Space calculations should also consider that when a protected VM fails over or is migrated to the paired site, the calculations for the source and target can be reversed.
-
Difference Based Replication and Full Copy Replication—In a typical replication data protection lifecycle, a full copy of a protected VM is replicated in the form of a DP snapshot only once. This full copy replication job occurs when a VM is initially protected. After the initial replication job completes, subsequent replication jobs take advantage of efficient differencing-based technology to replicate only new and changed data.

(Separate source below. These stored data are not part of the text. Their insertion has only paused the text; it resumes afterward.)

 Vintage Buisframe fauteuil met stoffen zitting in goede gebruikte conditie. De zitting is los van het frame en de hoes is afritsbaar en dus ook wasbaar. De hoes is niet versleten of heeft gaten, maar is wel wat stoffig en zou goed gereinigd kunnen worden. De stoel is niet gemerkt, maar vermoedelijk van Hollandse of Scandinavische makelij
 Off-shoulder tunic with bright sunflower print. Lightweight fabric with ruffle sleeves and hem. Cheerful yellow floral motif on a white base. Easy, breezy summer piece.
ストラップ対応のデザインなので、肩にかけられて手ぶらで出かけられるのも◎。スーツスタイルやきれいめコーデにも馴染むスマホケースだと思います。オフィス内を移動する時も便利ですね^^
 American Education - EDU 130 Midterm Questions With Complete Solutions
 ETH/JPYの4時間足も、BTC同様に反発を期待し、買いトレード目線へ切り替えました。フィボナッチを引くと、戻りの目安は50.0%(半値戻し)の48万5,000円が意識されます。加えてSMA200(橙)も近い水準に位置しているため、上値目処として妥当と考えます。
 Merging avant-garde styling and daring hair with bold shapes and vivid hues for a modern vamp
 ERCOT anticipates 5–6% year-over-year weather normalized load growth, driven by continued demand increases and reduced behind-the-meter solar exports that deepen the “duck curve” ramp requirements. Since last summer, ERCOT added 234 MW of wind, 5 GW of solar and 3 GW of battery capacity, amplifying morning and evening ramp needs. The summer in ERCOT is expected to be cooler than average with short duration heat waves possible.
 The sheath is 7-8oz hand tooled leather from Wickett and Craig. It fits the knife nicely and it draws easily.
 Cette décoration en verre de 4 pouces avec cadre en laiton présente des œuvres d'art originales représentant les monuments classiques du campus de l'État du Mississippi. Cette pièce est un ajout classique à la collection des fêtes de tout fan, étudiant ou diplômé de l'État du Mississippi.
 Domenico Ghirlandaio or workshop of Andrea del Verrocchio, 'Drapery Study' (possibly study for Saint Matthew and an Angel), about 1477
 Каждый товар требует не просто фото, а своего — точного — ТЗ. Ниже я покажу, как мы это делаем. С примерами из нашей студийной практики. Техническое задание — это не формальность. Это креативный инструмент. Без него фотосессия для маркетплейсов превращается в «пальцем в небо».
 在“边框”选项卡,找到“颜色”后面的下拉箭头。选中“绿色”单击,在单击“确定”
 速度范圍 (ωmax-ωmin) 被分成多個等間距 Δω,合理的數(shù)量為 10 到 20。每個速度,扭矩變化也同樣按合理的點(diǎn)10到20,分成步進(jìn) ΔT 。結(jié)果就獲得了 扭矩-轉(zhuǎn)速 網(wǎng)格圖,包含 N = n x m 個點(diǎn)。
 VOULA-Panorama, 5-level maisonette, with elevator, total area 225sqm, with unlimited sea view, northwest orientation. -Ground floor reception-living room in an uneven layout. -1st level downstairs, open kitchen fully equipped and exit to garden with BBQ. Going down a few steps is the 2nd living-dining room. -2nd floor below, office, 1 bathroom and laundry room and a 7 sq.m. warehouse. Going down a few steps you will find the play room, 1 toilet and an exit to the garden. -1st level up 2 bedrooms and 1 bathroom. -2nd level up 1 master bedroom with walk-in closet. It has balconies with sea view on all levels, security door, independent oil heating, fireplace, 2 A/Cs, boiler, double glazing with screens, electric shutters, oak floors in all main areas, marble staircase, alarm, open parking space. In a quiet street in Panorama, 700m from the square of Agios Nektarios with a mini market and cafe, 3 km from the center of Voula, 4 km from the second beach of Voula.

You cannot use difference-based technology in the following known corner cases:
-
A protected VM also has HX native snapshots. If the VM is reverted back to a retained HX native snapshot, the next scheduled protection job will perform a full copy replication job instead of a difference-based replication job. An additional full copy worth of space needs to be budgeted on both of the paired clusters.
-
A protected VM undergoes storage vMotion and is migrated to a different datastore. If the destination datastore is mapped to a datastore on the paired cluster, the next scheduled protection job will perform a full copy replication job instead of a difference-based replication job. An additional full copy worth of space needs to be budgeted on both of the paired clusters.
-
A protected VM has a DP snapshot that was taken in conjunction with a replication job. Subsequent to this, an initial HX native snapshot is created that also creates an HX Sentinel snapshot. The next scheduled protection job will perform a full copy replication job instead of a difference-based replication job. An additional full copy worth of space needs to be budgeted on both of the paired clusters.
-
When a protected VM DP snapshot is taken during an HX native snapshot workflow that created intermediate delta disks, the next scheduled protection job will perform a full copy replication job instead of a difference-based replication job. An additional full copy worth of space needs to be budgeted on both of the paired clusters.
-
When a new VMDK is added to an already protected VM, that specific VMDK will be full-copied once.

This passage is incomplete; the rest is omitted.